◆ Exercise: Each line below should be repeated exactly as written, with no pictures carried over.

◆ Supplied data:
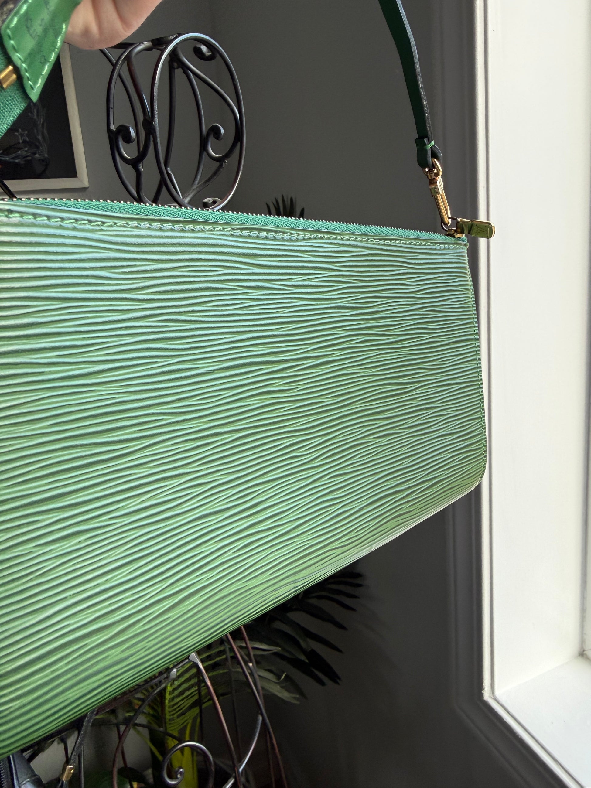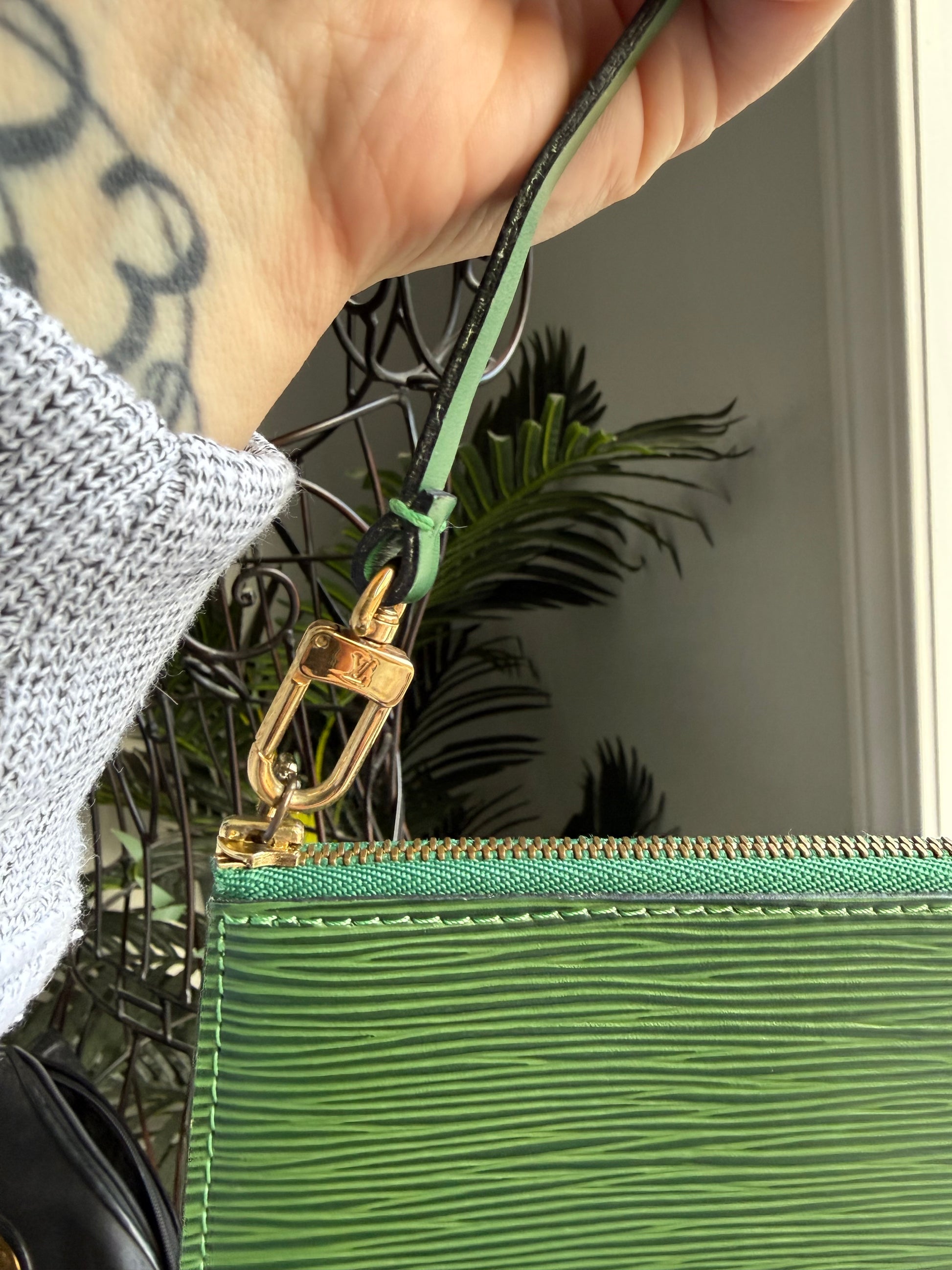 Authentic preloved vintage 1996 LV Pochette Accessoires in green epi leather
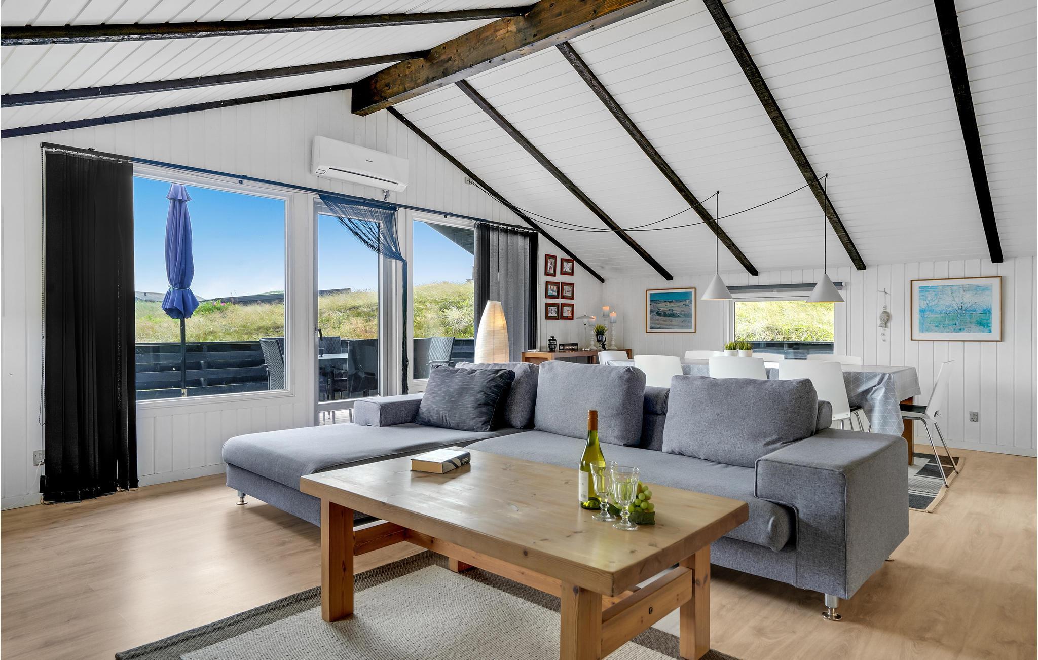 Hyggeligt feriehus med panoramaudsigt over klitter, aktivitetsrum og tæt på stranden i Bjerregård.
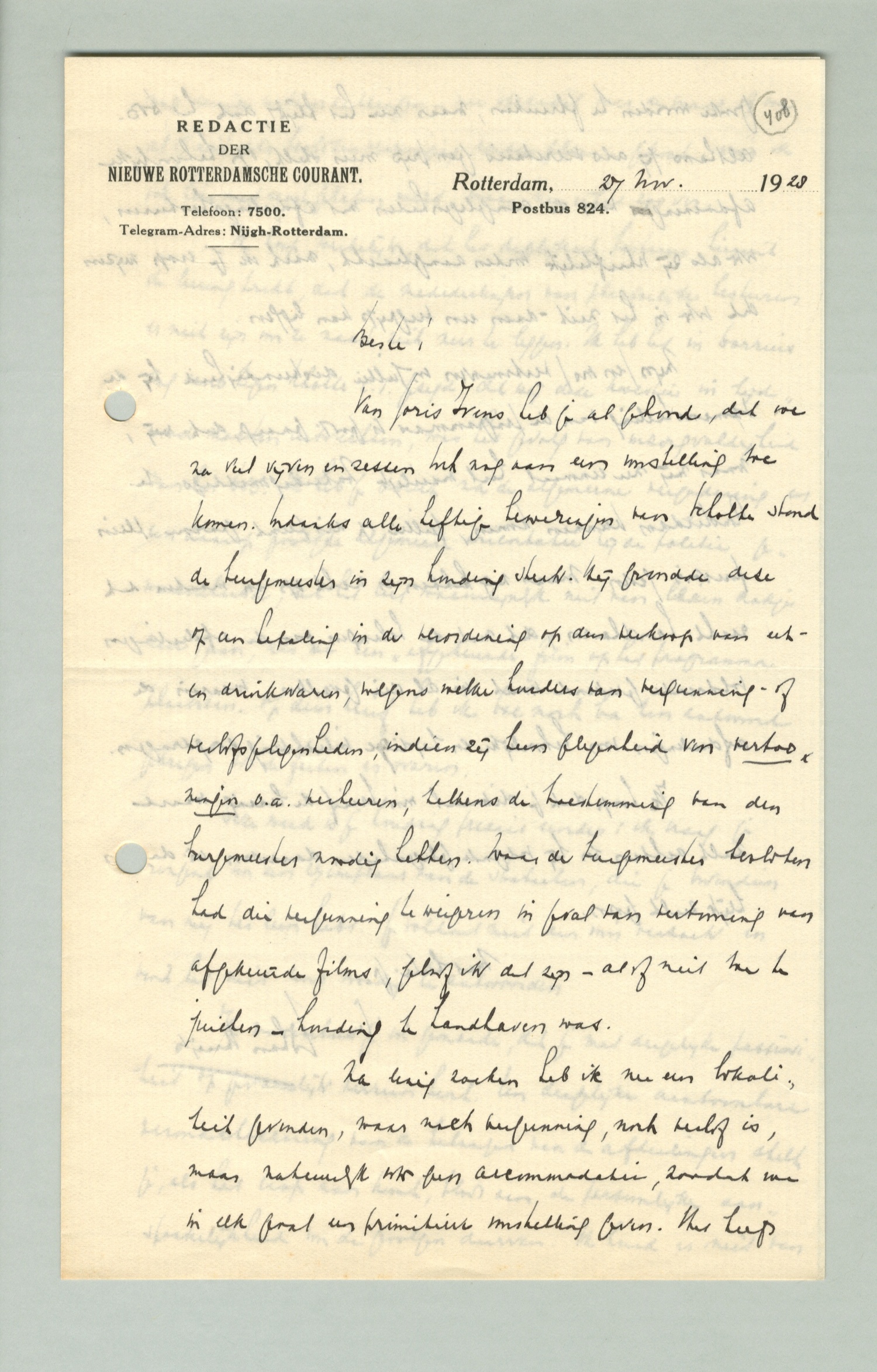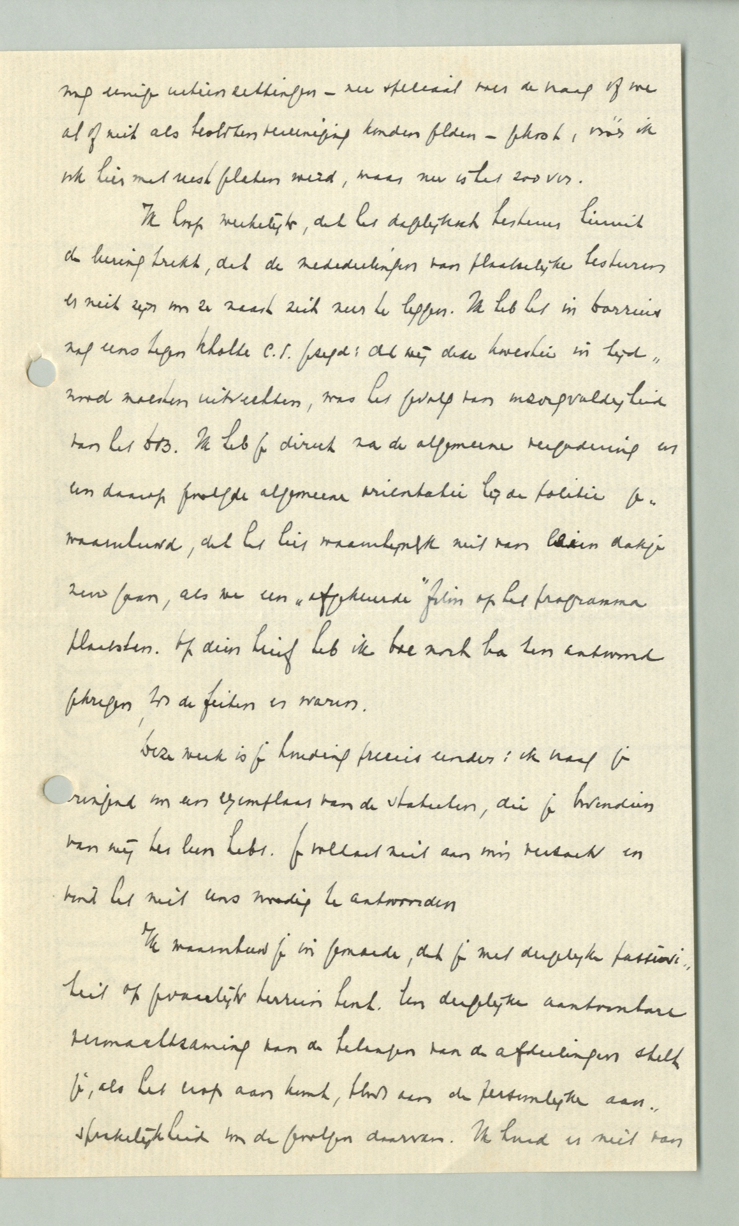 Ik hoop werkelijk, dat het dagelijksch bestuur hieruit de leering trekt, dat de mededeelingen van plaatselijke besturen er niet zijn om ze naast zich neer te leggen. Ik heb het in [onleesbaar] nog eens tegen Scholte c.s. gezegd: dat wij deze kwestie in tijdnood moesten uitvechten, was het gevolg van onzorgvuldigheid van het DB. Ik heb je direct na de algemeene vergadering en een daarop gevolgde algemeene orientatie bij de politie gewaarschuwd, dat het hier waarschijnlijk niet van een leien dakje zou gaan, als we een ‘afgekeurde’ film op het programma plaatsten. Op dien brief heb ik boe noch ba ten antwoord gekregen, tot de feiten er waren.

◆ Result of this exercise:
 Authentic preloved vintage 1996 LV Pochette Accessoires in green epi leather
 Hyggeligt feriehus med panoramaudsigt over klitter, aktivitetsrum og tæt på stranden i Bjerregård.
 Ik hoop werkelijk, dat het dagelijksch bestuur hieruit de leering trekt, dat de mededeelingen van plaatselijke besturen er niet zijn om ze naast zich neer te leggen. Ik heb het in [onleesbaar] nog eens tegen Scholte c.s. gezegd: dat wij deze kwestie in tijdnood moesten uitvechten, was het gevolg van onzorgvuldigheid van het DB. Ik heb je direct na de algemeene vergadering en een daarop gevolgde algemeene orientatie bij de politie gewaarschuwd, dat het hier waarschijnlijk niet van een leien dakje zou gaan, als we een ‘afgekeurde’ film op het programma plaatsten. Op dien brief heb ik boe noch ba ten antwoord gekregen, tot de feiten er waren.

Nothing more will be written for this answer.